Application knowledge is important to help determine which technology is applicable. Between ultrasonic and radar level measurement, Sonnier tends to supply ultrasonic level gauges for applications that are under approximately 7.5 m (25 ft) and radar level gauges for applications over 15 m (50 ft). Technology selection for ranges between 7.5 m and 15 m typically is not related to distance, but rather other factors, such as the bin type, bin shape, material properties and the like. Further, ultrasonic level gauges usually exhibit a price advantage over radar level gauges, except that power requirements for longer ranges tend to increase the pricing for the ultrasonic solution, making the radar level gauges more attractive for long-range applications.
Radanov agrees. He points out, “Laser technology can be applied to measure level using a narrow beam at long distances (as far as 120 m) for any solid surface at any angle, which makes the application less application-dependent. Installation is generally simpler because virtually any existing nozzle size can be used, and the narrow beam allows installation near the wall of the bin. Laser level transmitters can also measure into the silo cone and chute to ensure that the bin is completely empty. This ability is important in many plastics and food-processing applications in order to avoid cross-contamination between campaigns. In addition, scanning laser transmitters are able to measure the non-uniform profile of the material and calculate the volume of material in the bin. This ability differentiates it from other solids level measurement technologies.”
Steukers found that the setup for radar level gauges can take three hours or more per hopper, depending on material properties and the number of false reflections received—especially with plastics that have relatively weak reflections. In contrast, “Laser level gauges are not dependent on material properties, so the configuration for one hopper can be transposed to identical hoppers and operation is more reliable—even for different types and colors of plastics. In other words, product properties are not a problem for us with this technology.”
Mikos advises users to remember practical matters when dealing with solids. In particular, some “applications utilize intermittent vibrators to keep the material from plugging. But do not get carried away with too much of a good thing because running the vibrators all the time will pack our material too hard and cause it to plug.
Also, be cognizant of the battery backup features associated with your equipment. Some of our ultrasonic transmitters are almost 10 years old, so the on-board memory backup battery is near the end of its service life. We now have to replace these batteries to avoid the potential of configuration loss in the event of a power failure. This can pose significant problems during both extended and intermittent power failures.” Overall, Mikos notes that this technology has improved to the extent that he notes fewer problems such as caused by false echoes.

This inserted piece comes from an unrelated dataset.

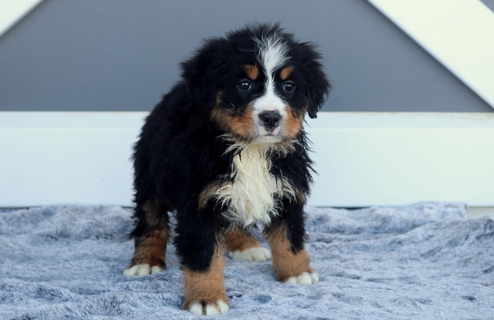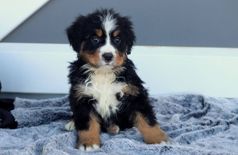 Maggie is a sweet and gentle Bernese Mountain Dog with a heart as big as her beautiful tri-colored coat. She’s wonderfully social, always eager to make new friends, and absolutely lights up when she’s around children. This cutie is AKC registered, vet checked, vaccinated, wormed, plus the breeder provides a 1 year genetic health guarantee. Her parents are Kayla (90-100lbs.) & Reggie (110lbs.). Maggie makes the perfect companion for a family looking for a loyal and playful best friend.

Steukers also had some practical problems with level transmitters. Dust would stick on the laser and cause a loss of measurement. It appeared that the manner in which the dust tube was purged was incorrect, she reported, “so an improved dust tube purge was installed that now appears to keep the laser clean and eliminate the loss of measurement.”
It should be clear that measuring the level of solids can be perplexing. Measurement errors can occur even when the level transmitter measures perfectly and without error. In many applications, solids level measurements are simply “good enough” for the application.
David W. Spitzer is a principal in Spitzer and Boyes, LLC. Contact him at 845.623.1830 or www.spitzerandboyes.com.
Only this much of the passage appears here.